Знаешь, я теперь работаю оператором на нефтепромысле. Слежу за работой качалок, они нефть из земли качают, а еще за исправностью нефтеперегонного оборудования. В общем, стал я хозяином на нефтепромысле. Даем нефть людям. А это— все. Говорит, что из нее больше сотни разных компонентов получают. И все важные. А с виду, мазут, да и только. Ан нет. Возьмешь ее в руки, а она теплая, как кровь земли. Она и греет, и кормит. И одевает нас. Я до того, как на нефтепромысел поступил, ничего не знал о нефти. А теперь каждую ее каплю берегу.
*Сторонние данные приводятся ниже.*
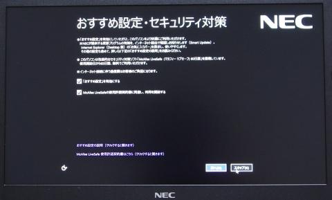 おすすめ設定・セキュリティ対策を聞いてくるんですが、
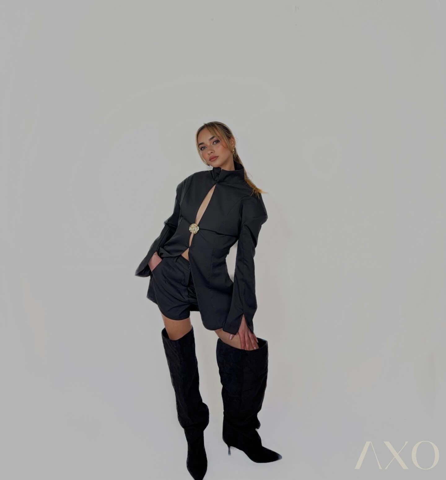 Il blazer presenta una costruzione ricercata con spalline interne che definiscono la figura e valorizzano la postura. Il collo alto dona un’allure sofisticata e decisa, mentre lo scollo centrale crea un gioco di sensualità elegante, mai eccessiva. Il dettaglio gioiello frontale illumina il capo e lo rende unico, trasformandolo in un vero pezzo iconico.
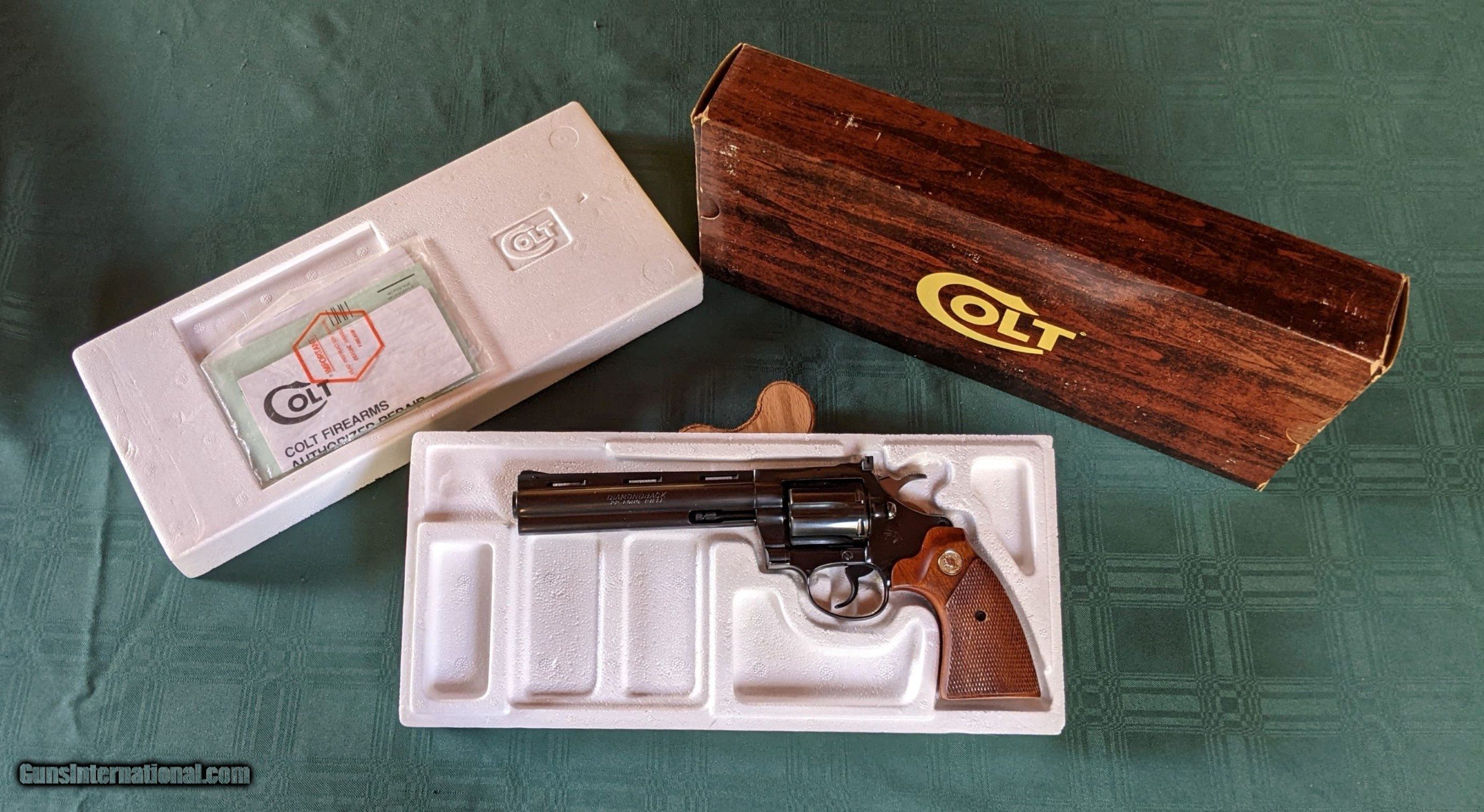 Description: *SOLD*1982 Colt Diamondback 22LR 6" bbl Blue as new in boxw/papers also comes with a letter from Colt to authenticate the manufacture. Appears unfired. Beautiful revolver and hard to find in this condition with a letter. Please feel free to call or email (notexts) with any questions you might have. We accept USPS Money Orders, Credit Cards3%, or your personal check for payment. All checks take 10 days to clear our bank. We ship USPS Priority Insured to your FFL dealer. NO CALIF. SALES. Shipping is not included in the price. SOLD |
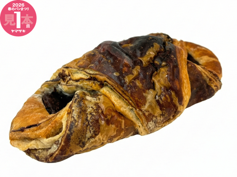 デニッシュ生地でココアビスケット入りのチョコクリームとスティックチョコを挟み、ザクザクとした食感のデニッシュ生地を巻き、焼き上げました。
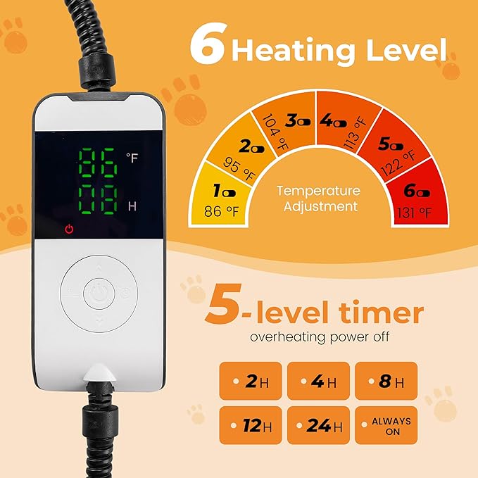 - 【30 W Wide-Zone Heat | 6 Precise Levels】 – Warms 500 cm² edge-to-edge; great for multi-pet homes, senior joint care.
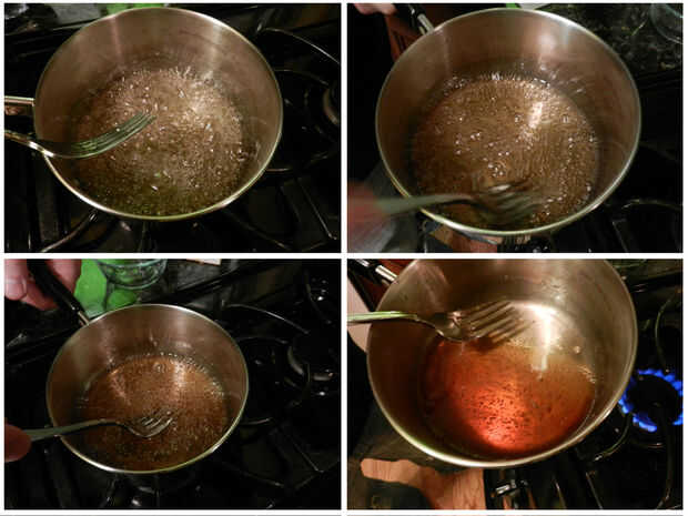 Nota - aquí de un Consejo para fácil caramelo sin quemar. Constantemente mantener un ojo en la mezcla de caramelo. Retire la sartén del calor igual que empiece a dorarse. El fondo de la cacerola se retienen el calor y continuar la cocción del caramelo. Si usted necesita un poco mas marrones, siempre se puede volver al calor. Asegúrese de remover el fondo de la olla, así como el resto del caramelo, o se quemará, y tendrás que empezar de nuevo.
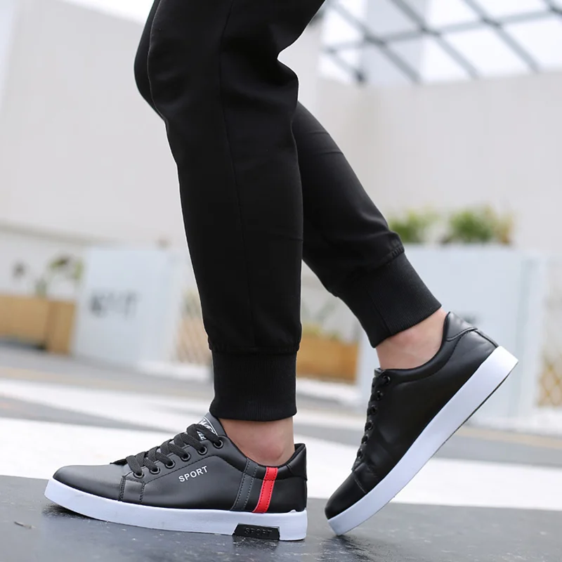 Мужские кроссовки из ПУ кожи, черные или белые кроссовки на плоской подошве, Повседневная Классическая обувь, новинка 2020
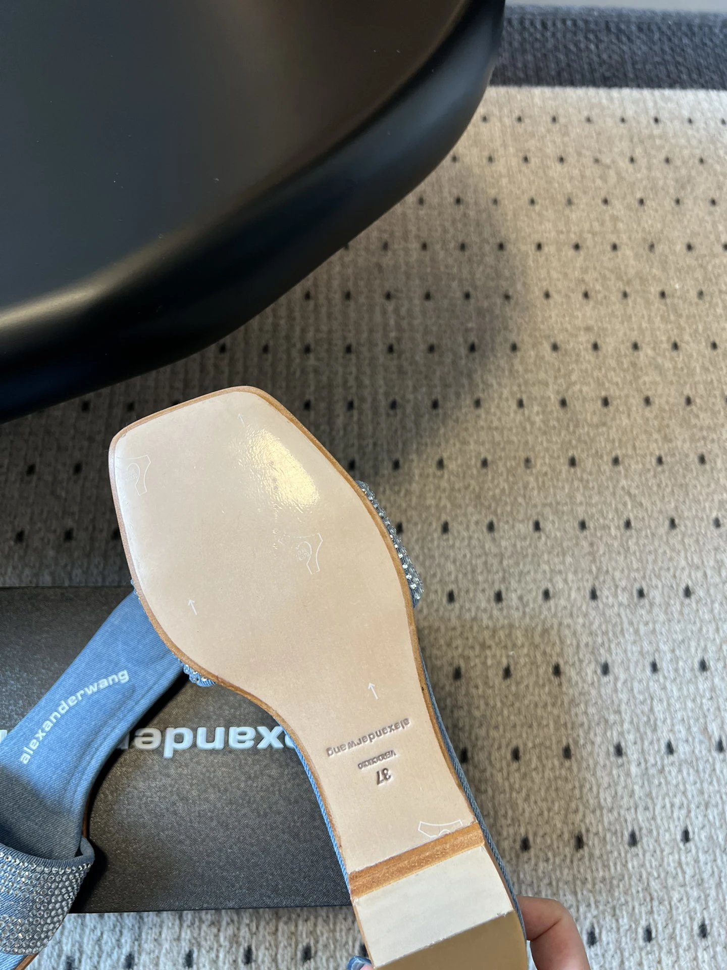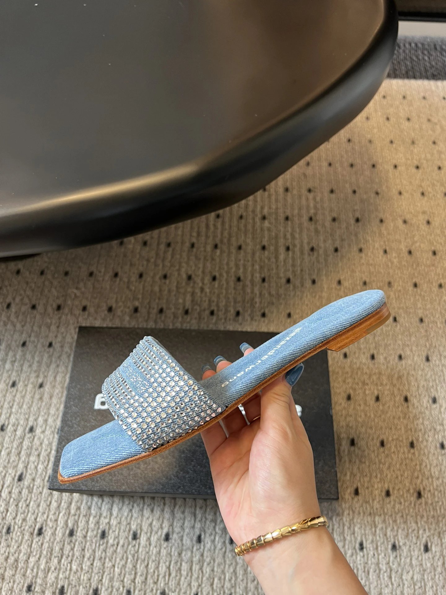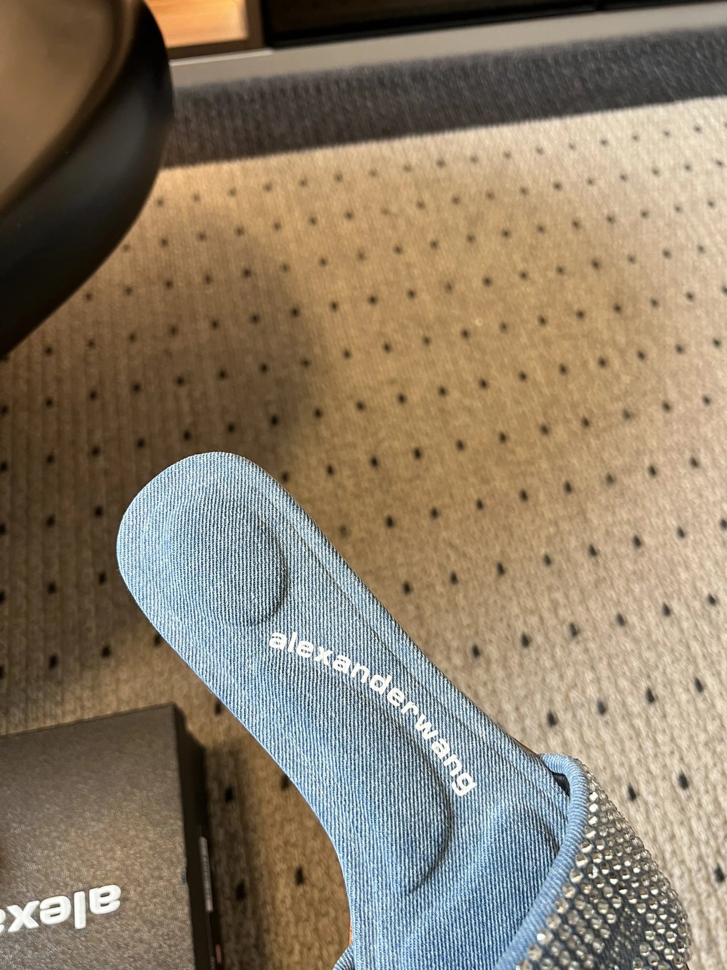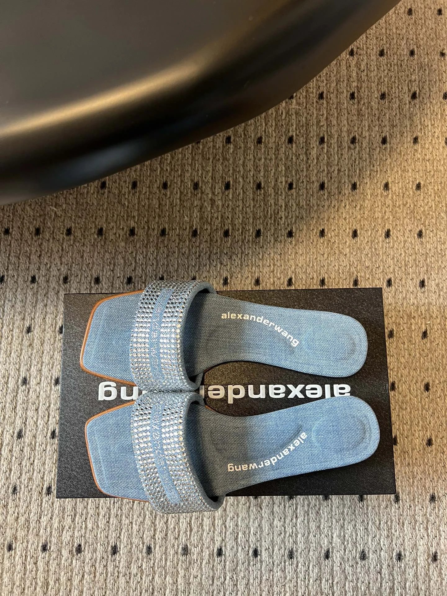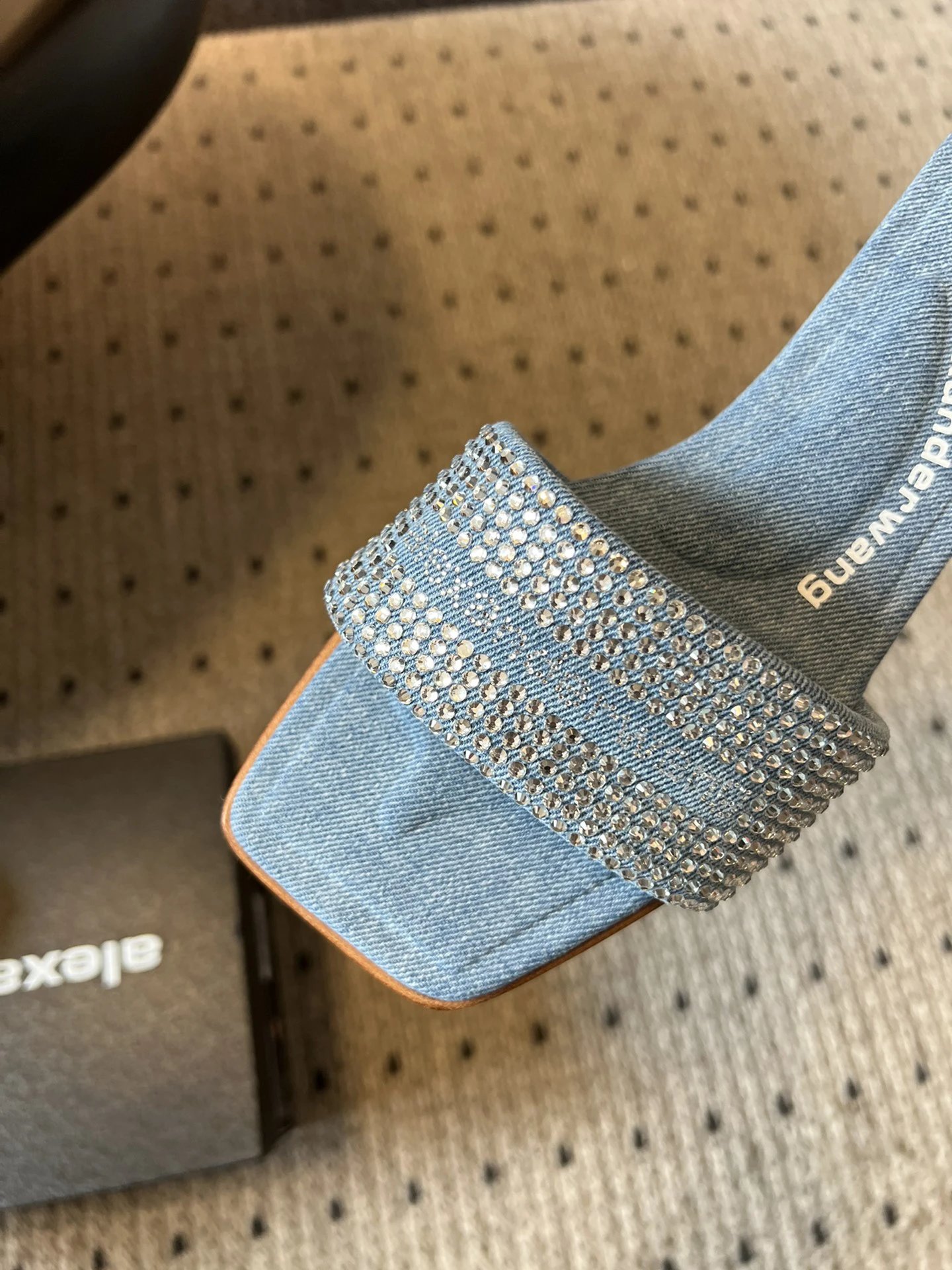 Alexander Wang 25ss Women's Denim Slippers feature Austrian crystals for style.
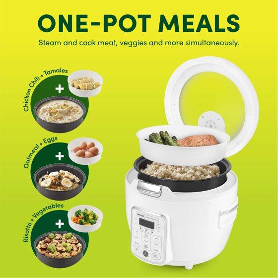 - Easy-to-use, programmable digital controls with automatic Keep Warm mode and Rice, Grains, Oatmeal, Slow Cook, Steam, Sauté-then-Simmer®, Cake, Soup, and Yogurt functions

Я в Охе живу давно. На поселение сюда прислали. Пять лет. После пяти лет в Магадане. Давно уже свободен. А все здесь. Уезжать не хочется. Свой смысл нашел. Нужен я здесь. И на работе. Вот иду по нефтепромыслу, а качалки на все голоса поют, в пояс мне кланяются. Кроме них, кто ж еще со мной поговорит, отнесется уважительно, как к другим? Только они. Для них все люди одинаковы. Зимою ли, летом, качалки, что послушные лошади. Работают на человека, не требуя взаимности. А вот люди… С ними посложнее. Все, с кем я работаю, строили этот город. Каждый дом, каждую улицу. И промысел… Тоже их руками… Я на готовое пришел. Как опоздавший поезд. Правда, не упрекают, никто не стал кивать на мое прошлое. Но я-то… Я же знаю! Уж лучше бы ругали. Ведь и правы были бы! А они молчат. Хлеб пополам со мной делили. Заставляли есть! А за что? Что я сделал для них? И кто я им? Почему дают и давали, зная, кто я? Я брал. Их руки — не мои. Они чисты. А сам… Долго стыдился. Целый год не решался предложить им свой хлеб. Боялся. А вдруг не возьмут. Что тогда? Ведь это для меня было бы равносильно смерти. И как-то решился. Но не под шумок, чтоб незаметно. Положил я свой хлеб прежде других. И смотрю— возьмут ли, будут ли есть? Ведь вокруг были люди — мне ровесники. А жизни — как стеклышко, нигде не запачкались. Не знаю, секунды прошли, или больше, мне они годами казались. Никто не прикасался к хлебу. Ну, думаю, надо в другую вахту проситься. И… Взяли. Буханку поровну. Я и ожил. На душе легче. Пусть и не чета я им, сам знаю, но они меня, руки, хлеб мой не оттолкнули. Не побрезговали. А разве обратное легко было бы пережить?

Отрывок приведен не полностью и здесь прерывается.